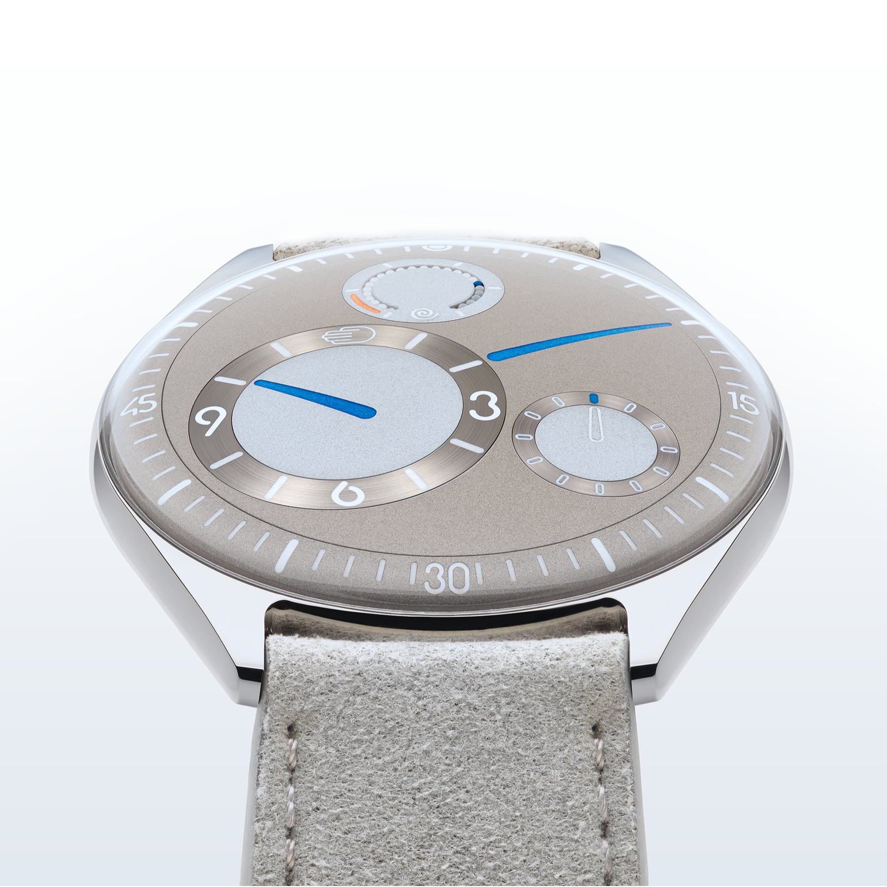 At its core is a brand milestone: the Ressence Werk RW-01, the first movement designed and developed by Ressence. Configured specifically to power the ROCS - the patented Ressence Orbital Convex System - it creates a true integration between powerhouse and display. Its distinctive triangular architecture is defined by three circles — two barrels and a central reference balance wheel — echoing the motif of a Ressence dial.
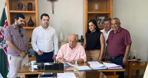 Deste encontro participaram o vice-prefeito, José Carlos Soares; o Diretor do Desenvolvimento Econômico e Turismo, Tarcísio Rodrigues; a Diretora Educação, Maria Angélica Rebello; o vereador e líder do Governo na Câmara, Denir Ferreira e os representantes do SEBRAE: Rafael Matos do Carmo – Gerente do Escritório Regional; Margareth Kovaguti – Gestora de Políticas Públicas – e Ariadini H. Zanin- Gestora SEBRAE do Município de Guaíra
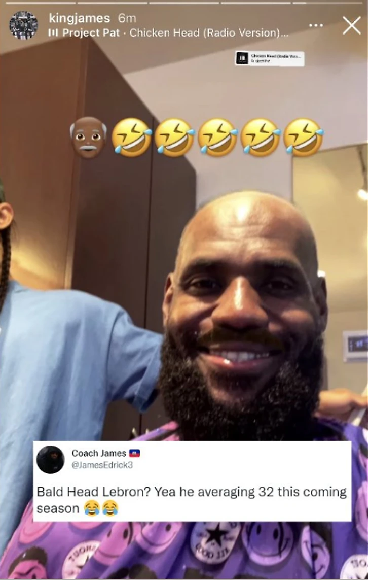 Звездный форвард «Лейкерс» Леброн Джеймс опубликовал в сторис Instagram свою фотографию с бритой налысо головой.
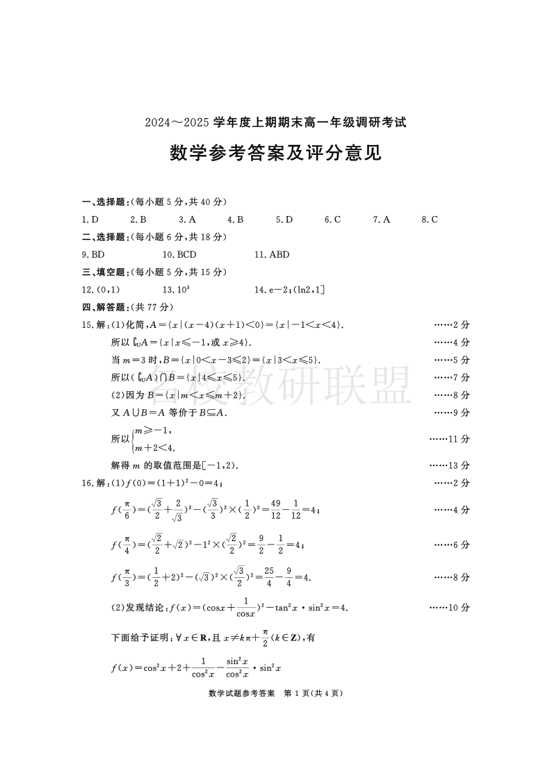 四川省成都市2027届高一上期期末统一调研考试 数学答案.pdf
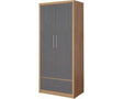Seville 2 Door 1 Drawer Wardrobe - Grey High Gloss/Light Oak Effect Veneer
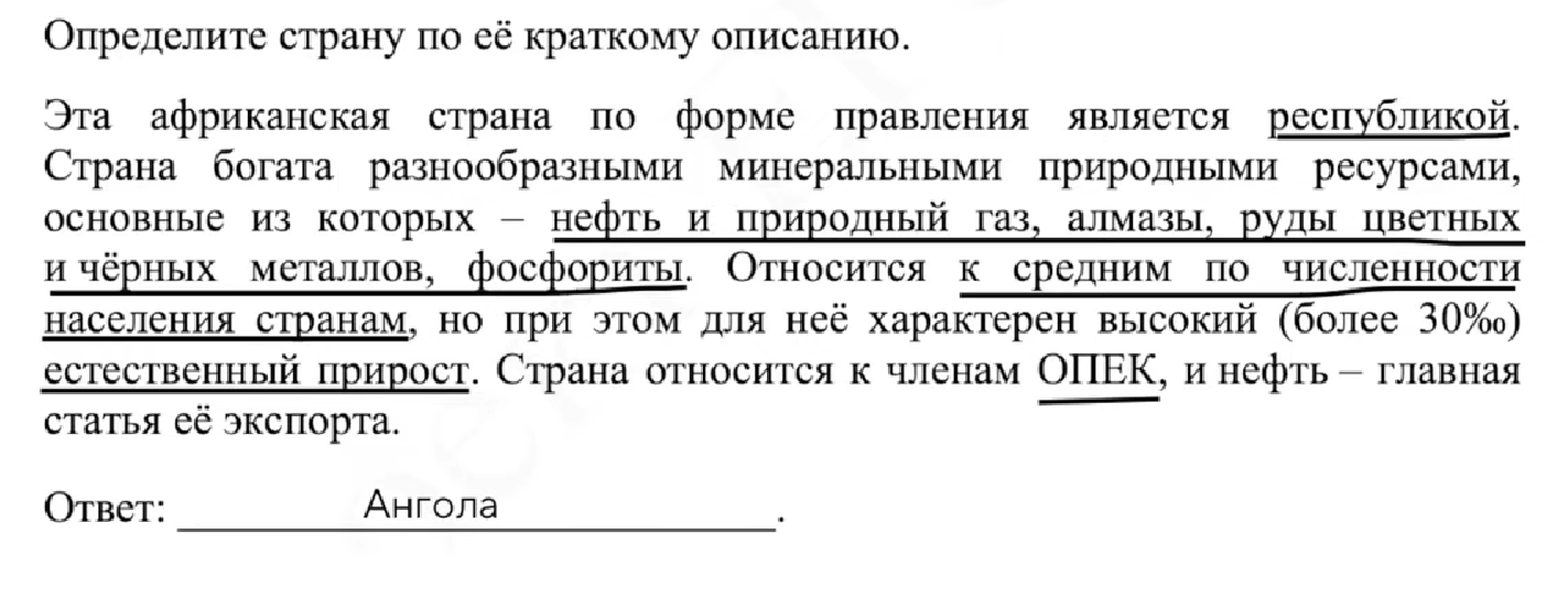 17 задание — на определение страны по описанию. Выделяем основные «теги», по которым мы можем вычислить страну, и думаем.

## ASSIGNED TASK
All lines from the line containing "бритой налысо головой." through the end of the listing above are to be given again exactly; pictures are not part of the copy.

## ANSWER FOR THE TASK
 Звездный форвард «Лейкерс» Леброн Джеймс опубликовал в сторис Instagram свою фотографию с бритой налысо головой.
 四川省成都市2027届高一上期期末统一调研考试 数学答案.pdf
Seville 2 Door 1 Drawer Wardrobe - Grey High Gloss/Light Oak Effect Veneer
 17 задание — на определение страны по описанию. Выделяем основные «теги», по которым мы можем вычислить страну, и думаем.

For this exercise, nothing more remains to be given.